We express our gratitude to the reviewers for their valuable feedback and address the main concerns:

Unclear technical novelty and clinical impact (R1) The novelty is twofold: (a) A novel adaptation of SimCLR for appearance based object tracking in videos, using sampling tailored for videos, (b) transformer based multi-view object representation, trained on unlabeled data using a novel sampling method. The clinical impact is shown for boosting the CADx performance. We also highlight the importance of the method for automatic reporting and lost polyp ReID.

Insufficient reproducibility (R1+R4) To our knowledge, no public datasets are suitable for polyp ReID. The research was conducted in an industrial setting, limiting our ability to release the code or data, but allows evaluation on an order of magnitude more data than in most academic publications. Comprehensive implementation details were provided. The size and diversity of the dataset makes the method highly reproducible. We believe such industrial research is important for MICCAI as it sets high reliability and robustness standards.

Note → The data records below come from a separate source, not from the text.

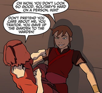 As she entered her cramped solitary cell, Suki assured herself that she was not alone. She was released after two weeks and talked to her allies, who informed her that Biyu had been removed from the general population and had been given a special cell and certain privileges. Suki grew angry and rhetorically asked what Biyu had said to gain such privileges, to which nobody replied. Spotting Biyu heading back to the cell, she scaled the walls of the prison and rushed inside, knocking Biyu to the floor and declaring her a traitor. Biyu did not deny doing so, noting that she had to look out for herself. Suki asked about the others and the plan to build up their strength to escape; Biyu responded that the plan was not hers, and although she thought that the plan was smart, she realized she did not need to be in such danger after the fight in the cafeteria. Suki angrily stated that Biyu had betrayed her fellow prisoners to the Fire Nation after they tried to stand up to them, and asked Biyu if she had any loyalty. Biyu said that, unlike Suki, she did not care about community, and only needed to get through her sentence in as much comfort as possible, saying that she would choose the warden over Suki as he owned the prison. Biyu chided Suki for believing that they were friends; in her anger, Suki lurched toward Biyu and threatened to throw her over the railing. As Biyu began to panic and apologize, Suki threw her back onto the floor and walked away, while Biyu taunted her for being a coward if she just wanted to scare her.[4]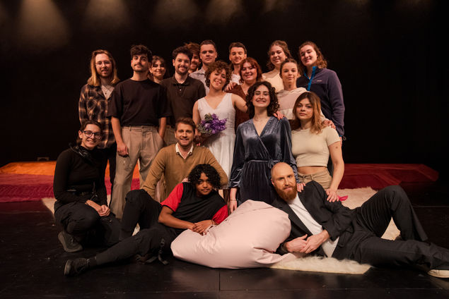 Révolte-toi, elle a dit, révolte-toi encore est cette comédie noire invitant les artistes qui la monte à débattre, à d’abord découvrir ses systèmes, et ensuite à faire de choix, des liens, et à refuser parfois. J’ai eu la chance d’aborder cette matière avec une cohorte d’artistes formidables, les Adelphes. J’ai trouvé en elleux des complices, des chercheur.ses, des interprètes avides de sens, ravi.es par les défis. J’admire leur bravoure et les remercie de m’avoir suivi et questionné par moment. Le temps qui file, les journées longues, les partitions improbables, les grèves, aucun écueil n’est à leur épreuve. On dit souvent que les premières fois sont les plus importantes, je les remercie pour celle-ci.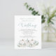A value for money BUDGET alternative on a smaller size 4.5 x 5.6” semi-gloss 110lbs weight, which is of similar thickness to a postcard (however is not suitable to use as a postcard.). PLEASE NOTE there is ONE per sheet. Budget Pumpkins Teal Foliage QR Wedding Invitation. Add your QR code to your wedding website on the back makes this a convenient option for your guests to RSVP and see all the details without the need for separate RSVP and details cards. Wedding is in a stylish set script and easily personalise the rest of the text. Three white pumpkins with teal blue foliage and white florals are at the bottom for an autumnal feel. You can create QR codes for free online. Simply search “QR code creator” and lots of options come up to create for free.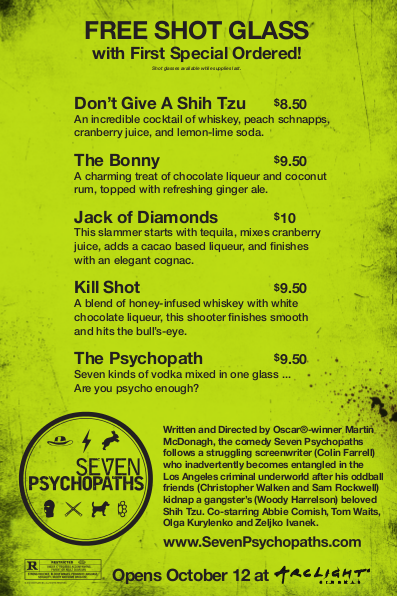 After a long 3 weeks, Seven Psychopaths (2012) finally came to Canton, NY. This is a movie that I’d been waiting to see for a few months now. If you need some reasons to see it, consider these: Sam Rockwell, Christopher Walken, Colin Farell, and Woody Harrelson. Regardless of whether or not I was going to review this movie, I knew I was going to see it. I just really had to hope that there would be some sort of alcohol in it so I could make a relevant drink. Lucky for me, it turns out that Colin Farell’s character Marty being an alcoholic is a major plot point. Woohoo!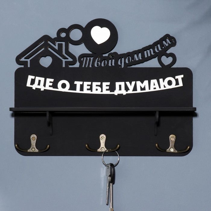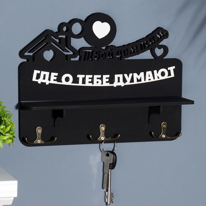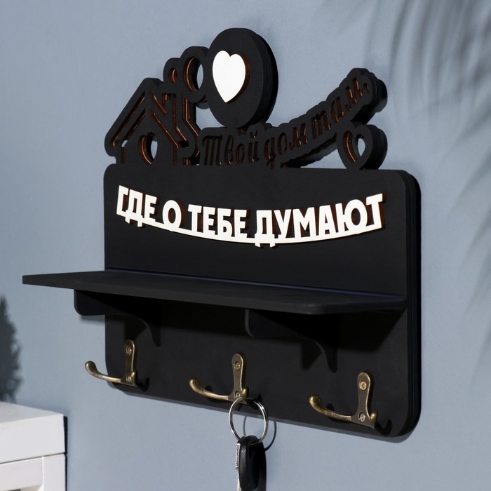 Ключница с полкой "Твой дом ..." черный цвет, 28х23х7,5 см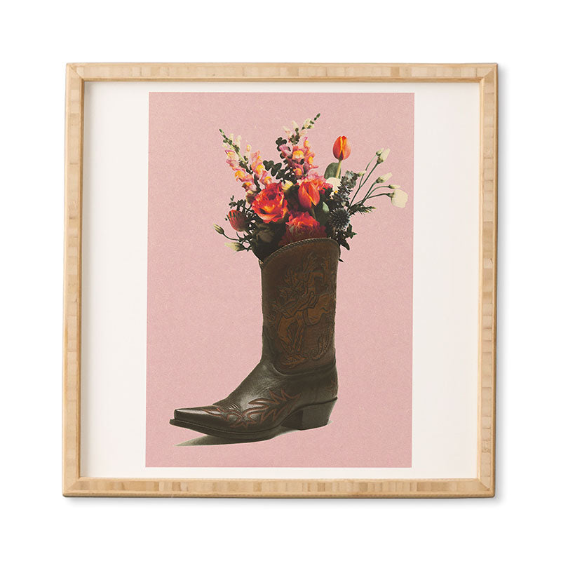 gnomeapple A Cowboy Boot With Spring Bouqet Framed Wall Art

Unclear methodology description with insufficient survey (R1) Due to space constraints the related work coverage is limited. Yet, we did explain the factors that are unique to colonoscopy and reviewed the most recent related work.

ImageNet pretrained backbone (R2+R4) R2 and R4 suggested that an ImageNet pretrained backbone should have been evaluated for single frame similarity. We did in fact evaluate such a backbone as a sanity check, and found that it performed poorly on our task. We didn’t include those results as multiple prior studies showed that ImageNet features are less suitable for medical tasks, and malignant tissues specifically (references will be added to the paper). The advantage of the proposed contrastive learning over naive ImageNet pre-training, is in the utilization of large scale unlabeled data for our specific domain.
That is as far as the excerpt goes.